PROBLEM REQUIREMENTS:
Please return the listing below exactly, without any of its pictures.
----
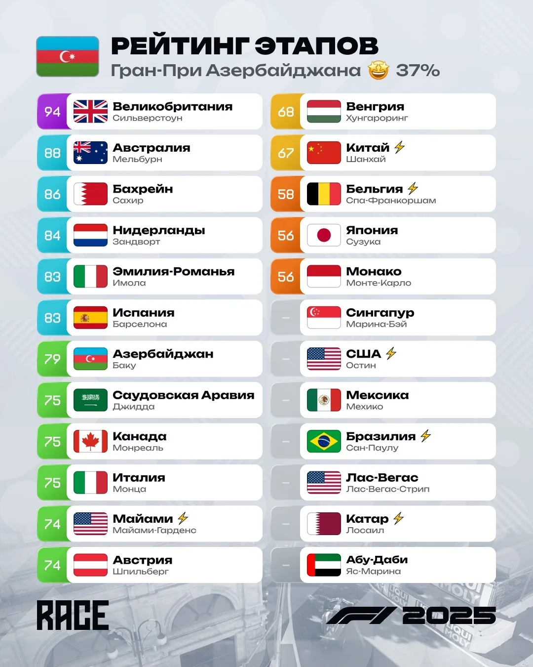 🗳 В традиционном голосовании после гран-при Вы, наши читатели, оценили этап в Азербайджане на 79 баллов.
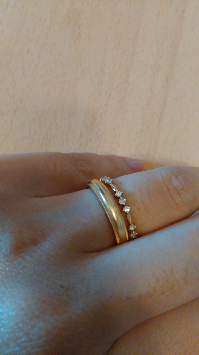 マリッジリングと重ねづけしたかったのでダイヤのデザインを探していて、色々つけてみると、これがとても
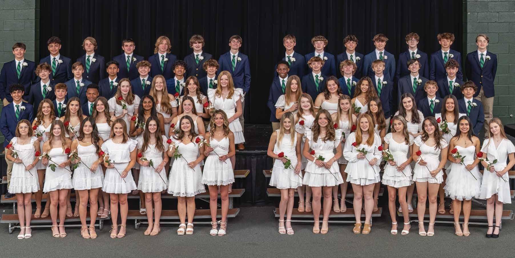 Row 1: Abby Delaplane, Stormy Farish, Sadie Florence, Kate Boardman, Cate Phillips, Grace Woody, Sydney Leslie, Stella Rintoul, Ava Fallon, Sarah Bays, Noura Lovelace, Olivia Mattingly, Ameera Hettiarachchi, Lilly Corser Row 2: Crosby Love, Auveen Shah, Molly Johnson, Vidya Sethuraman, Lauren Counts, Ciara Lacey, Jade Baugh, Ainsley Metze, Cora Crawford, Peyton Beatty Row 3: Robbie Farhadi, Graham Leslie, EJ Beatty, Kate Robbins, Emma Miller, Brooke Barntsen, Ann Reid Chapman, Grace Gustafson, Gigi DeRossett, Poppy Karthikeyan, Grady LaMonica, Arif Softic Row 4: Quin Harris, Noah Borland, Armaan Rayapati, Paul Miller, Hamza Iqbal, Benton Dyer, Dillon Jenkins, Chance Anderson, Cohen Carter, Cade Howell, Noah Hubert, Joshua Begley Row 5: Gable Hart, Chris Escobar, Tazewell Schnabel, Paul Coppedge, Collin Smithwick, Max de Castro, Chase Kronenberg, Field Costich, John Gaines, Woods Nahra, Harrison Phillips, Noah Staley, Gage Pennington, Jud Masters
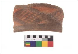 | Description / विवरण | Specimen of potsherd with black decorative geometric diamond set broad horizontal bands painting . |
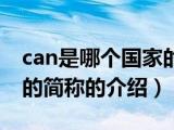大家好,小都來為大家解答以上的問題。can是哪個國家的簡稱,關(guān)于can是哪個國家的簡稱的介紹很多人還不知道,現(xiàn)在讓我們一起來看看吧!1、c 瀏覽全文>>
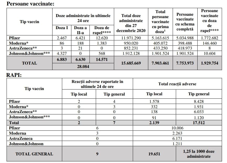 Potrivit raportului, în 24 de ore, s-au administrat 28.084 doze de vaccin. În total, de la ultima raportare care a avut loc luni, s-au înregistrat 9 reacții adverse.
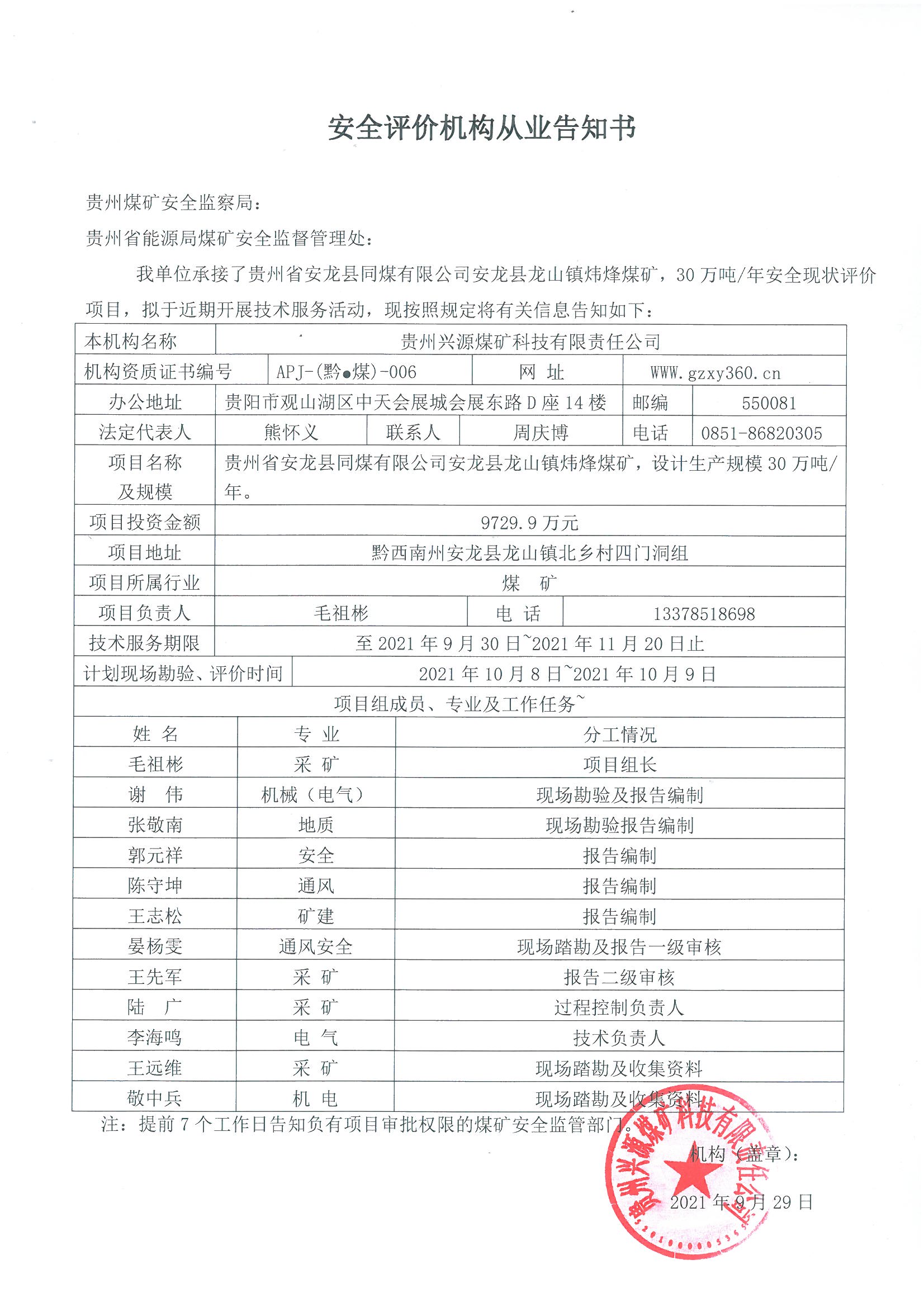安全評(píng)價(jià)機(jī)構(gòu)從業(yè)告知書(貴州省安龍縣同煤有限公司安龍縣龍山鎮(zhèn)煒烽煤礦)
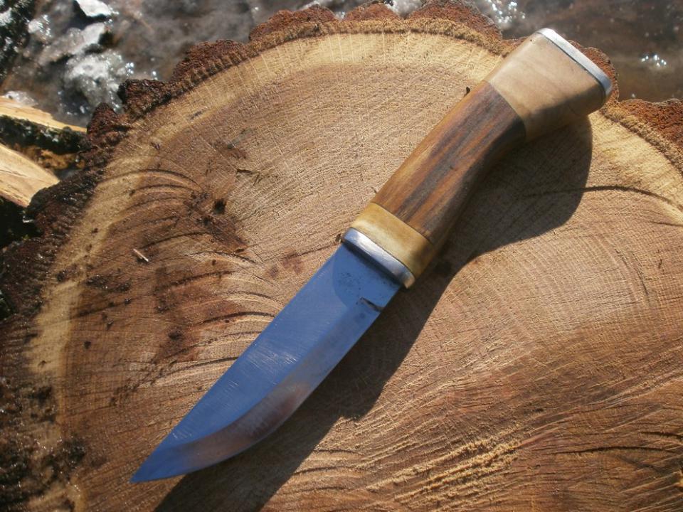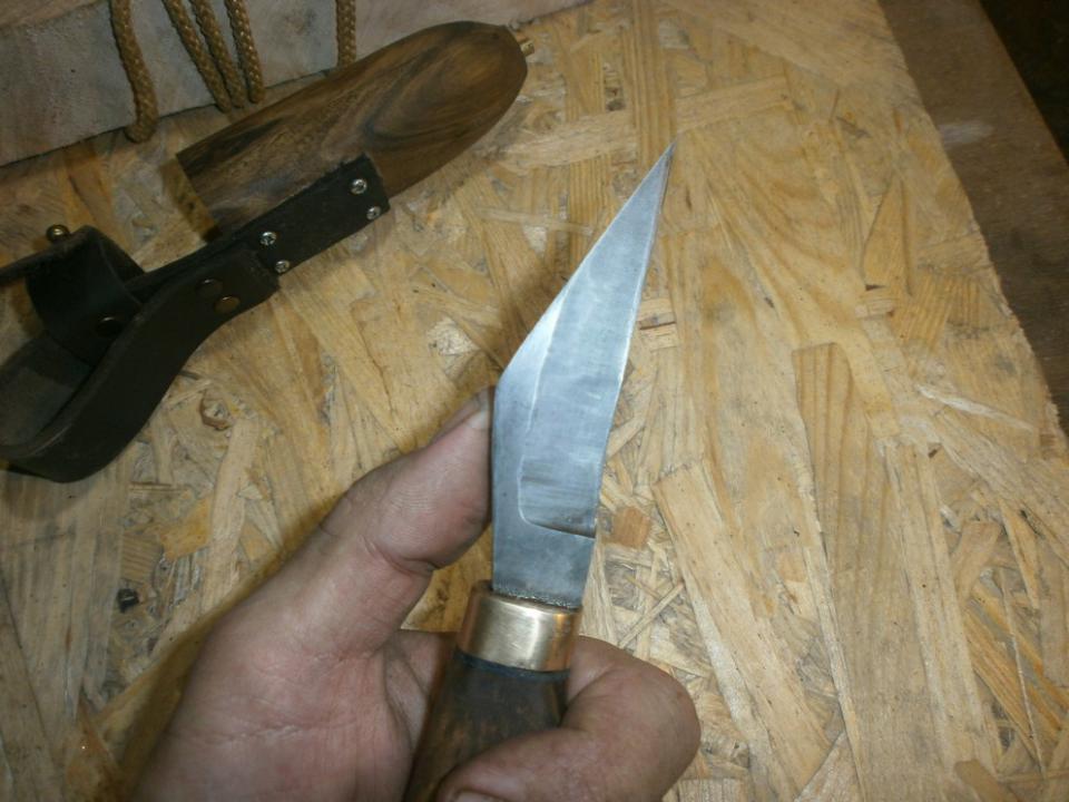 Erik Опубликовано 14 февраля, 2016 Опубликовано 14 февраля, 2016 Вобщем продолжу о своих ножах, может кому-то мои посты покажутся скучными, но мне как-то... :to_pick_ones_nose_eat: пока борьба со зверской сталюкой Х12МФ (на фото с наковальней) идет своим ходом, доделал несколько самобытных ножичков. 1. Запал мне в душу один ножичек, африканских народностей под названием Чокве, который буржуи скопировали в версии складника "спайдерко чокве", но закавыка в том что чокве полюбому фикс, да и не такой гламурный как спайдерко, это рабоче-крестьянский нож, вот он: Показать и это тоже чокве Показать решил я тоже приложить свои очумелые ручки к созданию аутентичного ножа по мотивам чокве Показать ну и к такому ножу нужны оригинальные ножны, пришлось выдумывать, в идеале на рукоять и ножны нужно африканское черное дерево, но у меня его не оказалось, пришлось делать из полтавского ореха)) Показать вот такая штукенция вышла...) мне нравится, даже как то жалко расставаться, интересный ножичек получился, хоть и неказистый на вид. так же попалась мне по случаю полоска стали инструментального быстрореза высоколегированого, со сложной маркировкой 11р3ам3ф2. Взялся я ваять ножики из него... и проклял все на свете, он твердый, вязкий, еще и наждак забивает в момент, с высоким содержанием ванадия и хрома, но ножи из него получаются офигительные, сделал я с матюками пару ножей и зарекся больше эту сталь мучать) Показать№1 №2 но ножи очень резкие и злые вышли, точатся тяжело, алмазом преимущественно, однако и кромка держится без проблем Маньяческое увлечение набирает обороты, товарищи)
----
ANSWER AREA:
 🗳 В традиционном голосовании после гран-при Вы, наши читатели, оценили этап в Азербайджане на 79 баллов.
 マリッジリングと重ねづけしたかったのでダイヤのデザインを探していて、色々つけてみると、これがとても
 Row 1: Abby Delaplane, Stormy Farish, Sadie Florence, Kate Boardman, Cate Phillips, Grace Woody, Sydney Leslie, Stella Rintoul, Ava Fallon, Sarah Bays, Noura Lovelace, Olivia Mattingly, Ameera Hettiarachchi, Lilly Corser Row 2: Crosby Love, Auveen Shah, Molly Johnson, Vidya Sethuraman, Lauren Counts, Ciara Lacey, Jade Baugh, Ainsley Metze, Cora Crawford, Peyton Beatty Row 3: Robbie Farhadi, Graham Leslie, EJ Beatty, Kate Robbins, Emma Miller, Brooke Barntsen, Ann Reid Chapman, Grace Gustafson, Gigi DeRossett, Poppy Karthikeyan, Grady LaMonica, Arif Softic Row 4: Quin Harris, Noah Borland, Armaan Rayapati, Paul Miller, Hamza Iqbal, Benton Dyer, Dillon Jenkins, Chance Anderson, Cohen Carter, Cade Howell, Noah Hubert, Joshua Begley Row 5: Gable Hart, Chris Escobar, Tazewell Schnabel, Paul Coppedge, Collin Smithwick, Max de Castro, Chase Kronenberg, Field Costich, John Gaines, Woods Nahra, Harrison Phillips, Noah Staley, Gage Pennington, Jud Masters
 | Description / विवरण | Specimen of potsherd with black decorative geometric diamond set broad horizontal bands painting . |
大家好,小都來為大家解答以上的問題。can是哪個國家的簡稱,關(guān)于can是哪個國家的簡稱的介紹很多人還不知道,現(xiàn)在讓我們一起來看看吧!1、c 瀏覽全文>>
 Potrivit raportului, în 24 de ore, s-au administrat 28.084 doze de vaccin. În total, de la ultima raportare care a avut loc luni, s-au înregistrat 9 reacții adverse.
安全評(píng)價(jià)機(jī)構(gòu)從業(yè)告知書(貴州省安龍縣同煤有限公司安龍縣龍山鎮(zhèn)煒烽煤礦)
 Erik Опубликовано 14 февраля, 2016 Опубликовано 14 февраля, 2016 Вобщем продолжу о своих ножах, может кому-то мои посты покажутся скучными, но мне как-то... :to_pick_ones_nose_eat: пока борьба со зверской сталюкой Х12МФ (на фото с наковальней) идет своим ходом, доделал несколько самобытных ножичков. 1. Запал мне в душу один ножичек, африканских народностей под названием Чокве, который буржуи скопировали в версии складника "спайдерко чокве", но закавыка в том что чокве полюбому фикс, да и не такой гламурный как спайдерко, это рабоче-крестьянский нож, вот он: Показать и это тоже чокве Показать решил я тоже приложить свои очумелые ручки к созданию аутентичного ножа по мотивам чокве Показать ну и к такому ножу нужны оригинальные ножны, пришлось выдумывать, в идеале на рукоять и ножны нужно африканское черное дерево, но у меня его не оказалось, пришлось делать из полтавского ореха)) Показать вот такая штукенция вышла...) мне нравится, даже как то жалко расставаться, интересный ножичек получился, хоть и неказистый на вид. так же попалась мне по случаю полоска стали инструментального быстрореза высоколегированого, со сложной маркировкой 11р3ам3ф2. Взялся я ваять ножики из него... и проклял все на свете, он твердый, вязкий, еще и наждак забивает в момент, с высоким содержанием ванадия и хрома, но ножи из него получаются офигительные, сделал я с матюками пару ножей и зарекся больше эту сталь мучать) Показать№1 №2 но ножи очень резкие и злые вышли, точатся тяжело, алмазом преимущественно, однако и кромка держится без проблем Маньяческое увлечение набирает обороты, товарищи)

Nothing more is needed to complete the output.